* Recorded data
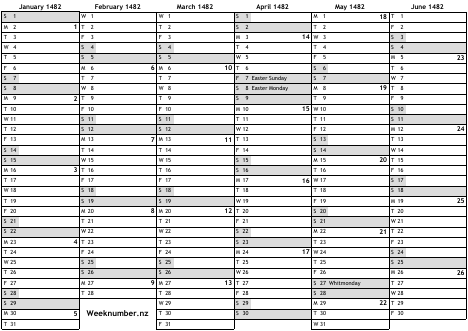 1482 calendar
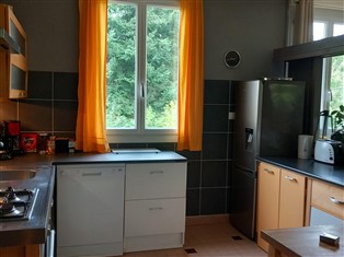 Ferienwohnung (Ländlich) , 120 m² Wohnfläche, 2 Schlafzimmer, 1 Badezimmer, für 6 Personen. Parterre: (Küche (Wasserkocher, Toaster, Kaffeemaschine, Backofen, Mikrowelle, Spülmaschine, Kühl-/Gefrierkombination), Wohn/Esszimmer (Doppelschlafcouch, TV (internationale TV-Kanäle), Esstisch, Herd (Holz), Sitzecke), Schlafzimmer (Einzelbett, Einzelbett), Schlafzimmer (Doppelbett oder 2 Einzelbetten (90 x 200 cm)), Badezimmer (Badewanne, Dusche), Toilette, Waschraum (Waschmaschine))
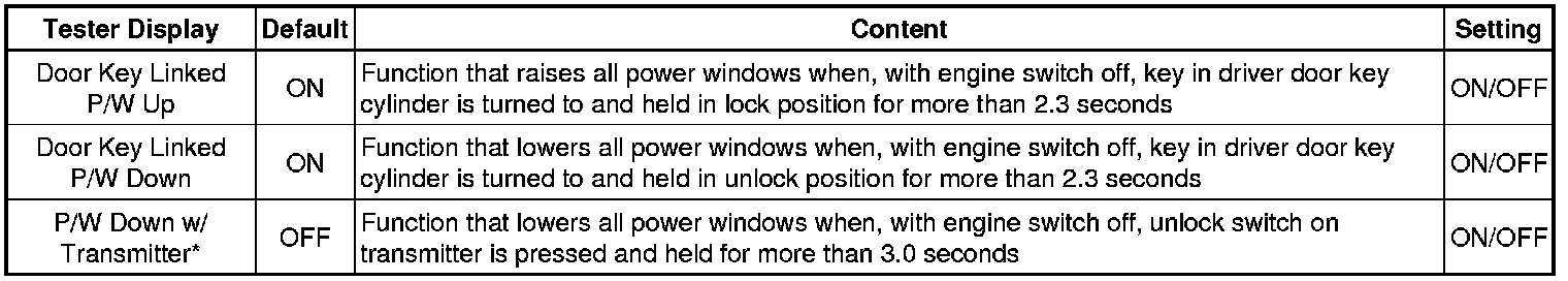Home >> Lexus >> 2011 >> IS F V8-5.0L (2UR-GSE) >> Repair and Diagnosis >> Windows and Glass >> Windows >> Testing and Inspection >> Programming and Relearning >> Customize Parameters
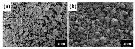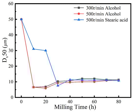 A process control agent (PCA), which can be a solid, liquid or gas, is essential in MA to prevent excessive cold welding during ball milling, to prevent the powder from adhering to the milling balls and the inner wall of the milling tank, and to homogenize and improve the yield of the powder. Different PCAs can produce different results [30]. Generally, the loading of PCA is 1–5 wt% of the total powder. Excessive PCA not only pollutes the powder but also affects atomic diffusion and inhibits alloying [31]. Common PCAs include stearic acid, ethane, methanol, and ethanol. Figure 6 shows the phase structure with different milling times and stearic acid as the PCA. With the extension of milling time, the diffraction pattern does not change after 20 h, while the diffraction peak disappears after 30 h, and the powder is completely alloyed after 40 h, forming a dual-phase structure of BCC+FCC, in which FCC is the main phase. Compared with ethanol as PCA, the powder alloying time is extended from 30 to 40 h, indicating that when stearic acid is the PCA, the alloying process is inhibited to some extent, requiring a longer milling time. Figure 7 shows the SEM images of the powders when ethanol and stearic acid were used as PCA at a milling speed of 500 r min−1 for 30 h. As shown in Figure 7b, the powders were mostly long flakes with poor agglomeration since, in the early stage of ball milling, the powder is easily broken into fine and irregular particles under the collision and extrusion of the balls. The specific surface area and surface energy of the powder increase as the powder particle size decreases, resulting in an unstable energy state, and the consequent aggregation of the crushed powder particles to reduce the powder surface energy and form a more stable state [32]. However, when stearic acid is used as PCA, it adheres to the surface of the powder during the early stage of ball milling, inhibiting the aggregation of the powder particles, resulting in a crushed powder mainly comprised of tiny sheets. At the same time, because a layer of stearic acid envelops the powder, the powder alloying process will be slowed down. Until the stearic acid disperses after prolonged ball milling, the powder alloying process will not proceed. Figure 8 shows the curve of milling time and Dv50 under different milling parameters. When ethanol was PCA, the powder particle size decreased significantly after 10 h of ball milling, indicating that the powder was broken into fine particles under the impact and extrusion of the milling balls. However, when stearic acid was used as PCA, the powder particle size decreased less, further indicating that stearic acid adheres to the powder surface preventing its agglomeration and causing the powder to exist in the form of flakes. On stearic acid dispersion after 30 h, the powder particle size decreased significantly. On the whole, the powder particle size at 500 r min−1 is smaller than at 300 r min−1, indicating that the powder can be refined by increasing the ball milling speed.
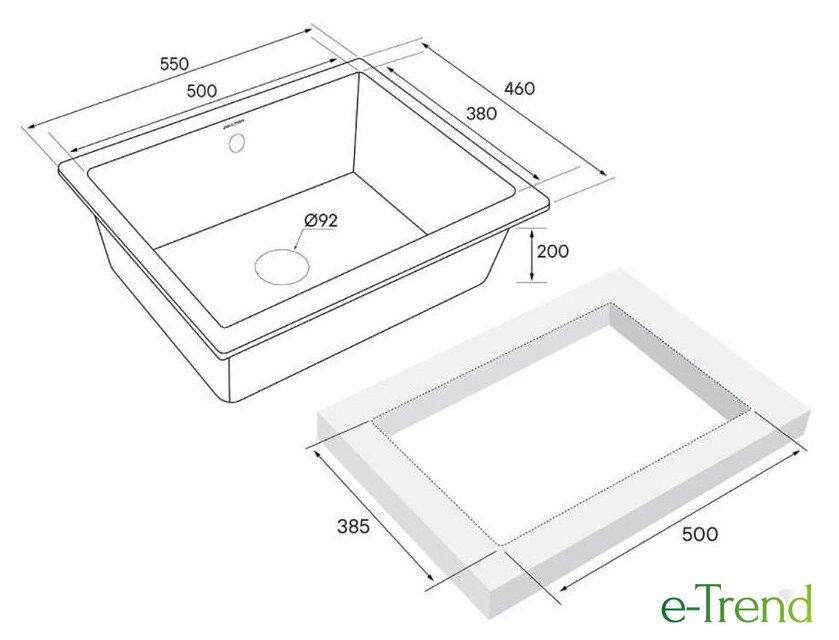 врезная на столешницу/врезная под столешницу/врезная вровень со столешницей, искусственный камень, размеры: 55x46 см, в шкаф 60 см
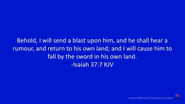 Behold, I will send a blast upon him, and he shall hear a rumour, and return to his own land; and I will cause him to fall by the sword in his own land. -Isaiah 37:7 KJV
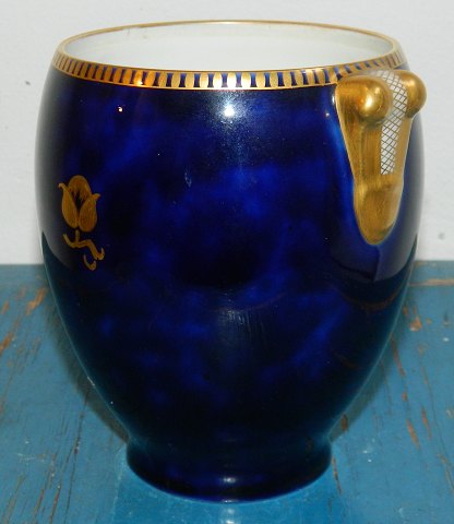 Blå og guldbemalet krukke fra Bing & Grøndahl fra begyndelsen af 20. århundrede. Formoder at der har været låg til denne krukke ! Fremstår i god stand uden skader eller reparationer. Fabriksmærket på bunden. 12½ cm høj
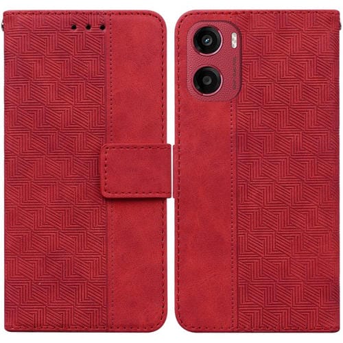 Funda de Cuero con Relieve Geométrico para Motorola Moto G05/E15 (Rojo)
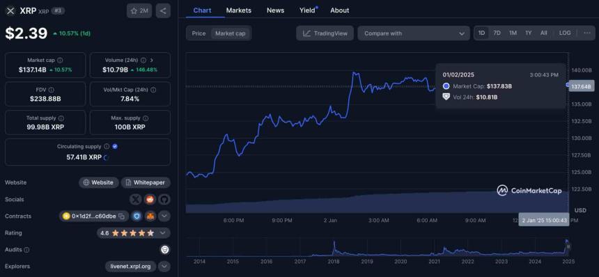After hitting lows of $2.01 on December 31, the cryptocurrency climbed to an intraday high of $2.44 during Thursdays trading session. If XRP closes today in positive territory, it will mark the third consecutive day of gains, signaling a strong recovery and potential for continued bullish movement.
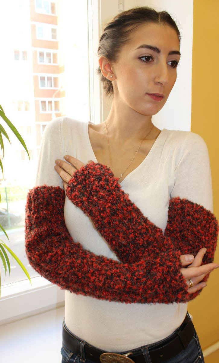 Вязаные рукава будут всегда интересно смотреться под жилет. В этом комплекте рукава можно носить самостоятельно под пончо-снуд.
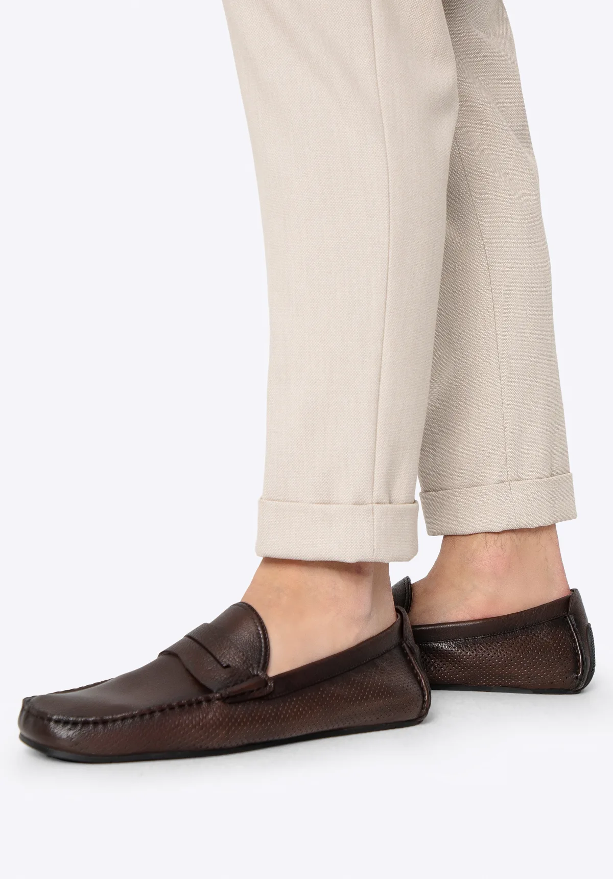 Elegantie die hand in hand gaat met comfort: schoenen van echt rundleer. Deze schoenen hebben alles wat je nodig hebt: tijdloos design, uitzonderlijk comfort en aandacht voor detail. Gemaakt van echt rundleer combineren ze een elegante, klassieke stijl met dagelijkse functionaliteit. Een subtiel, decoratief bandje aan de voorkant voegt een vleugje chic toe, terwijl de verstevigde hiel zorgt voor uitstekende stabiliteit en comfort, vooral tijdens het autorijden. Bovendien zorgt het materiaal met subtiele perforaties voor ademend vermogen, waardoor ze comfortabeler zijn om te dragen op warmere dagen. Voor wie zijn ze? Als je de voorkeur geeft aan een klassieke stijl, maar niet wilt inleveren op comfort, dan zijn deze schoenen perfect voor jou. De lichtgewicht constructie zorgt voor comfort de hele dag, of je nu tijd doorbrengt op kantoor of naar een avondvergadering gaat. Onze tip: combineer ze met een rechte broek of jeans, en voor dagelijks gebruik met een casual overhemd of T-shirt. Een leren tas of rugzak in een minimalistische stijl maakt je outfit perfect af. Belangrijkste kenmerken: Materiaal: Natuurlijk rundleer is duurzaam, bestand tegen beschadigingen en past zich perfect aan de voet aan. Verstevigde hiel: Zorgt voor duurzaamheid, voetstabiliteit en comfort, vooral tijdens het autorijden. Slip-on ontwerp: Snel aan en uit te trekken, perfect voor dagelijks gebruik. Decoratieve band aan de voorkant: Elegant detail dat het verfijnde karakter van de schoen benadrukt. Geperforeerd ontwerp: Verhoogt de ademende werking en zorgt voor comfort de hele dag. Comfortabele en functionele kenmerken: Leren binnenzool: Garandeert zachtheid en comfort, past zich aan de vorm van de voet aan en elimineert het risico op schaafwonden. Synthetische en leren voering: Optimaal comfort en duurzaamheid, past zich perfect aan de voet aan. Rubberen zool: Biedt uitstekende grip, demping en stabiliteit. Kies schoenen die stijl combineren met dagelijks comfort; uw betrouwbare metgezellen voor elke gelegenheid! natuurlijk leer natuurlijk leer / synthetisch materiaal synthetisch materiaal
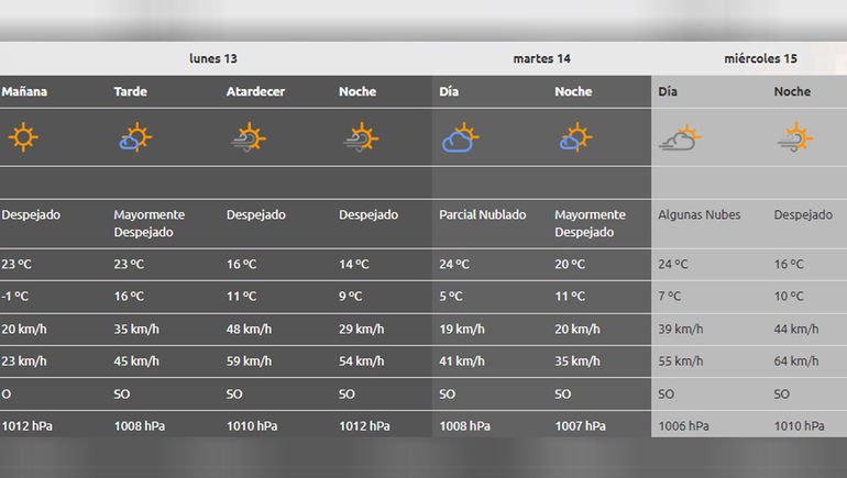 Durante el miércoles se prevé cielo con algunas nubes y ventoso. La temperatura mínima será de 7 grados y la máxima de 24, con ráfagas de hasta 55 km/h. A la noche la mínima prevista es de 10 grados y la máxima de 16, con ráfagas de 64 km/h.
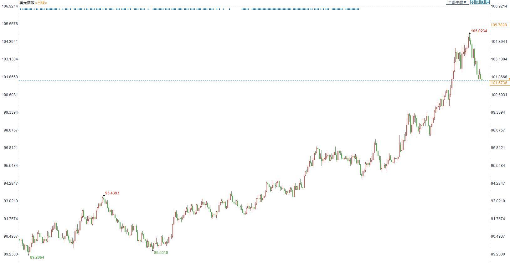 周五(5月27日)当周美元指数大幅回落,势将连续两周走低。美元指数走低,主要因美联储大幅度加息降温施压了美元。美联储官员发生打消了市场对美联储大幅度加息的预期,美国经济疲弱同样给了美元压力。另一方面,欧洲央行释放出鹰派基调推升了欧元,同时加拿大央行的鹰派基调也支持商品货币加元。
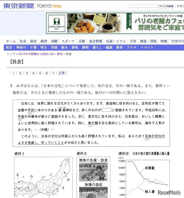 東京新聞は3月8日、特集ページ「2012年首都圏公立高校入試」において、同日行われた平成24年度群馬県公立高等学校入学者選抜・後期選抜の学力検査の問題と正答の掲載を開始した。
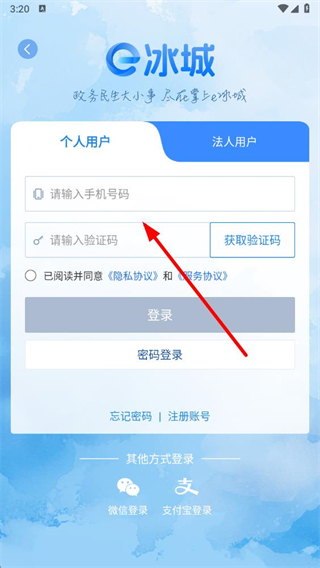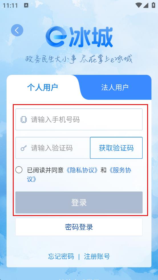 4、在登錄選擇界面,選擇個人用戶,輸入手機號碼,獲取并輸入驗證碼,勾選已閱讀并同意相關協(xié)議,點擊登錄即可。
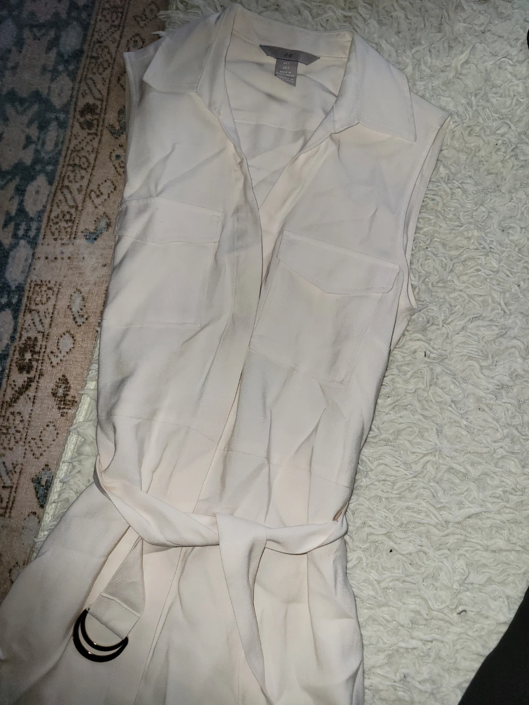 Two stylish sleeveless dresses. The white dress features a utility-inspired design with pockets and a tie waist. The black skater dress is a classic fit and flare style. Both are great for various occasions!

* Task item
Print the records again exactly. Skip every picture.

* Reply to the task
 1482 calendar
 Ferienwohnung (Ländlich) , 120 m² Wohnfläche, 2 Schlafzimmer, 1 Badezimmer, für 6 Personen. Parterre: (Küche (Wasserkocher, Toaster, Kaffeemaschine, Backofen, Mikrowelle, Spülmaschine, Kühl-/Gefrierkombination), Wohn/Esszimmer (Doppelschlafcouch, TV (internationale TV-Kanäle), Esstisch, Herd (Holz), Sitzecke), Schlafzimmer (Einzelbett, Einzelbett), Schlafzimmer (Doppelbett oder 2 Einzelbetten (90 x 200 cm)), Badezimmer (Badewanne, Dusche), Toilette, Waschraum (Waschmaschine))
Home >> Lexus >> 2011 >> IS F V8-5.0L (2UR-GSE) >> Repair and Diagnosis >> Windows and Glass >> Windows >> Testing and Inspection >> Programming and Relearning >> Customize Parameters
 A process control agent (PCA), which can be a solid, liquid or gas, is essential in MA to prevent excessive cold welding during ball milling, to prevent the powder from adhering to the milling balls and the inner wall of the milling tank, and to homogenize and improve the yield of the powder. Different PCAs can produce different results [30]. Generally, the loading of PCA is 1–5 wt% of the total powder. Excessive PCA not only pollutes the powder but also affects atomic diffusion and inhibits alloying [31]. Common PCAs include stearic acid, ethane, methanol, and ethanol. Figure 6 shows the phase structure with different milling times and stearic acid as the PCA. With the extension of milling time, the diffraction pattern does not change after 20 h, while the diffraction peak disappears after 30 h, and the powder is completely alloyed after 40 h, forming a dual-phase structure of BCC+FCC, in which FCC is the main phase. Compared with ethanol as PCA, the powder alloying time is extended from 30 to 40 h, indicating that when stearic acid is the PCA, the alloying process is inhibited to some extent, requiring a longer milling time. Figure 7 shows the SEM images of the powders when ethanol and stearic acid were used as PCA at a milling speed of 500 r min−1 for 30 h. As shown in Figure 7b, the powders were mostly long flakes with poor agglomeration since, in the early stage of ball milling, the powder is easily broken into fine and irregular particles under the collision and extrusion of the balls. The specific surface area and surface energy of the powder increase as the powder particle size decreases, resulting in an unstable energy state, and the consequent aggregation of the crushed powder particles to reduce the powder surface energy and form a more stable state [32]. However, when stearic acid is used as PCA, it adheres to the surface of the powder during the early stage of ball milling, inhibiting the aggregation of the powder particles, resulting in a crushed powder mainly comprised of tiny sheets. At the same time, because a layer of stearic acid envelops the powder, the powder alloying process will be slowed down. Until the stearic acid disperses after prolonged ball milling, the powder alloying process will not proceed. Figure 8 shows the curve of milling time and Dv50 under different milling parameters. When ethanol was PCA, the powder particle size decreased significantly after 10 h of ball milling, indicating that the powder was broken into fine particles under the impact and extrusion of the milling balls. However, when stearic acid was used as PCA, the powder particle size decreased less, further indicating that stearic acid adheres to the powder surface preventing its agglomeration and causing the powder to exist in the form of flakes. On stearic acid dispersion after 30 h, the powder particle size decreased significantly. On the whole, the powder particle size at 500 r min−1 is smaller than at 300 r min−1, indicating that the powder can be refined by increasing the ball milling speed.
 врезная на столешницу/врезная под столешницу/врезная вровень со столешницей, искусственный камень, размеры: 55x46 см, в шкаф 60 см
 Behold, I will send a blast upon him, and he shall hear a rumour, and return to his own land; and I will cause him to fall by the sword in his own land. -Isaiah 37:7 KJV
 Blå og guldbemalet krukke fra Bing & Grøndahl fra begyndelsen af 20. århundrede. Formoder at der har været låg til denne krukke ! Fremstår i god stand uden skader eller reparationer. Fabriksmærket på bunden. 12½ cm høj
 Funda de Cuero con Relieve Geométrico para Motorola Moto G05/E15 (Rojo)
After hitting lows of $2.01 on December 31, the cryptocurrency climbed to an intraday high of $2.44 during Thursdays trading session. If XRP closes today in positive territory, it will mark the third consecutive day of gains, signaling a strong recovery and potential for continued bullish movement.
 Вязаные рукава будут всегда интересно смотреться под жилет. В этом комплекте рукава можно носить самостоятельно под пончо-снуд.
 Elegantie die hand in hand gaat met comfort: schoenen van echt rundleer. Deze schoenen hebben alles wat je nodig hebt: tijdloos design, uitzonderlijk comfort en aandacht voor detail. Gemaakt van echt rundleer combineren ze een elegante, klassieke stijl met dagelijkse functionaliteit. Een subtiel, decoratief bandje aan de voorkant voegt een vleugje chic toe, terwijl de verstevigde hiel zorgt voor uitstekende stabiliteit en comfort, vooral tijdens het autorijden. Bovendien zorgt het materiaal met subtiele perforaties voor ademend vermogen, waardoor ze comfortabeler zijn om te dragen op warmere dagen. Voor wie zijn ze? Als je de voorkeur geeft aan een klassieke stijl, maar niet wilt inleveren op comfort, dan zijn deze schoenen perfect voor jou. De lichtgewicht constructie zorgt voor comfort de hele dag, of je nu tijd doorbrengt op kantoor of naar een avondvergadering gaat. Onze tip: combineer ze met een rechte broek of jeans, en voor dagelijks gebruik met een casual overhemd of T-shirt. Een leren tas of rugzak in een minimalistische stijl maakt je outfit perfect af. Belangrijkste kenmerken: Materiaal: Natuurlijk rundleer is duurzaam, bestand tegen beschadigingen en past zich perfect aan de voet aan. Verstevigde hiel: Zorgt voor duurzaamheid, voetstabiliteit en comfort, vooral tijdens het autorijden. Slip-on ontwerp: Snel aan en uit te trekken, perfect voor dagelijks gebruik. Decoratieve band aan de voorkant: Elegant detail dat het verfijnde karakter van de schoen benadrukt. Geperforeerd ontwerp: Verhoogt de ademende werking en zorgt voor comfort de hele dag. Comfortabele en functionele kenmerken: Leren binnenzool: Garandeert zachtheid en comfort, past zich aan de vorm van de voet aan en elimineert het risico op schaafwonden. Synthetische en leren voering: Optimaal comfort en duurzaamheid, past zich perfect aan de voet aan. Rubberen zool: Biedt uitstekende grip, demping en stabiliteit. Kies schoenen die stijl combineren met dagelijks comfort; uw betrouwbare metgezellen voor elke gelegenheid! natuurlijk leer natuurlijk leer / synthetisch materiaal synthetisch materiaal
 Durante el miércoles se prevé cielo con algunas nubes y ventoso. La temperatura mínima será de 7 grados y la máxima de 24, con ráfagas de hasta 55 km/h. A la noche la mínima prevista es de 10 grados y la máxima de 16, con ráfagas de 64 km/h.
 周五(5月27日)当周美元指数大幅回落,势将连续两周走低。美元指数走低,主要因美联储大幅度加息降温施压了美元。美联储官员发生打消了市场对美联储大幅度加息的预期,美国经济疲弱同样给了美元压力。另一方面,欧洲央行释放出鹰派基调推升了欧元,同时加拿大央行的鹰派基调也支持商品货币加元。
 東京新聞は3月8日、特集ページ「2012年首都圏公立高校入試」において、同日行われた平成24年度群馬県公立高等学校入学者選抜・後期選抜の学力検査の問題と正答の掲載を開始した。
 4、在登錄選擇界面,選擇個人用戶,輸入手機號碼,獲取并輸入驗證碼,勾選已閱讀并同意相關協(xié)議,點擊登錄即可。
 Two stylish sleeveless dresses. The white dress features a utility-inspired design with pockets and a tie waist. The black skater dress is a classic fit and flare style. Both are great for various occasions!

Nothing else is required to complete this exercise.